The following things should be kept in mind if you are planning your baby with either of the two, or sometimes the both.
IVF :
When the egg and sperm is given by the intended mother and father; there is no issue involved as far as spirituality is concerned, because you have the genes and the environment of your own.
When the egg is given by the intended mother and the sperm donor is not the biological father; there may be a few issues. And please understand that I’ll not talk of any medical issues unless specified. I’m a spiritual counselor, and I talk only for spirituality related matters. For other medical related issues, please consult your medical doctor.
If the state laws allow you to know the identity of the sperm donor; well and good! You must go ahead to ensure that the sperm donor is a kind of a male you would like to begin your life’s new phase with. Though the donors are tested on various medical and other grounds, I am yet to come across a sperm bank that also takes the spiritual history of a sperm donor into consideration!!!
If the donor is kept anonymous, please do not lose your heart. You can still imbibe spirituality in your child after the embryo is within the mother.
When the egg and sperm, both are from donors, again see, if you can check the spiritual credentials, if yes, go ahead. If not, you need to put in specific efforts in imbibing spirituality in your child.
The same is the case with frozen embryos.
Surrogacy:
First of all, keep this alternative the last resort. If you have literally tried everything under the sky, and have not succeeded, then only you should go for surrogacy. Surrogacy involves a lot of issues. The medical history of the surrogate mother is only one part of it; and I should say that it is only the tip of the iceberg!

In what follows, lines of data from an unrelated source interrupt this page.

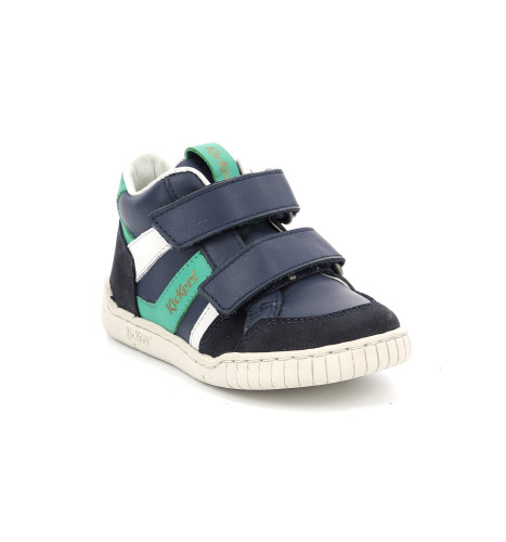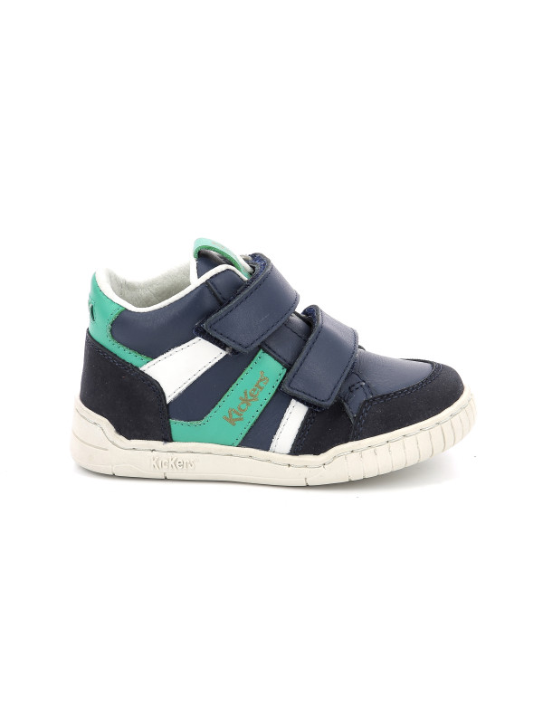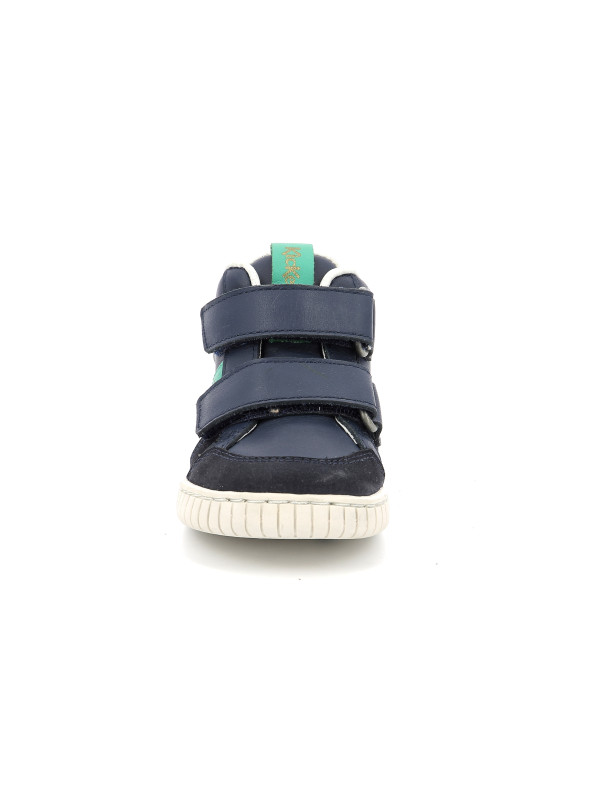 Sneakers Wincky de chez kickers, dessus cuir, doublure synthétique. Facile à enfiler grâce aux deux velcros.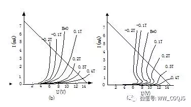 Ge磁敏二极管的伏安特性曲线,输出电压一定,磁场正向时随磁场增大电流减小;磁场负向时随磁场负方向增加电流增加;同一磁场下电压越大,输出电流变化量也越大。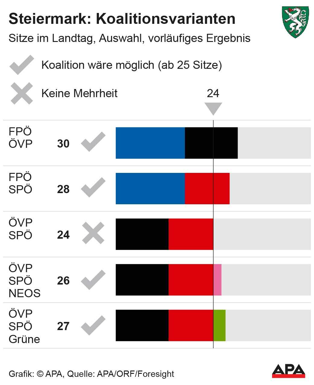 In Mandaten bedeutet das vorläufige Endergebnis der Steiermark-Wahl für die FPÖ künftig 17 Mandate (+9). Die ÖVP kommt auf nur mehr 13 (-5), die SPÖ auf elf Sitze (-1). Schwarz und Rot hätten damit im 48 Sitzen starken Landtag damit gemeinsam nur mehr 24 Sitze und die Mehrheit um einen Sitz verpasst. Durch die Wahlkarten könnte noch ein Mandat von der SPÖ zu den NEOS wandern, so Foresight.

Sign a proper legal and financial agreement, which I’m sure you will do. But before that
·         Meet the prospective surrogate mother an ample number of times. This would enable you to know of her background, her needs, her basic nature, spiritual orientation. If she is addicted to something—like negative though patterns, emotional outbursts etc.
·         Why is she going for this sort of an arrangement?
·         What does she expect from the baby? Would she have any emotional strings attached with the baby after the delivery of the child?
·         Her mental and emotional stability. Her ability to cope up with various changes during and after the delivery.
·         Her bond with the fetus. And many more things.
Different people talk of different things when IVF and/or Surrogacy are considered as an option. I would personally like to suggest to you that you take your own call. Consult only those who are experts in this field.  Please refrain yourself from talking to people who love talking negative, or have had a bad experience. It is going to be your child, so, ultimately it should be your decision that would count. Take your own time in deciding. Because I have noticed in quite a few cases that the couples get so impatient that they just want a baby by Hook or Crook. That is not correct, I would say. Please never ever lose your patience. Take your decision with a cool mind and with utmost care and patience.
The Stress factor:
The stress plays a big role in the above two methods of conception and delivery. Prepare yourself mentally, emotionally and financially for everything. Stress spoils all!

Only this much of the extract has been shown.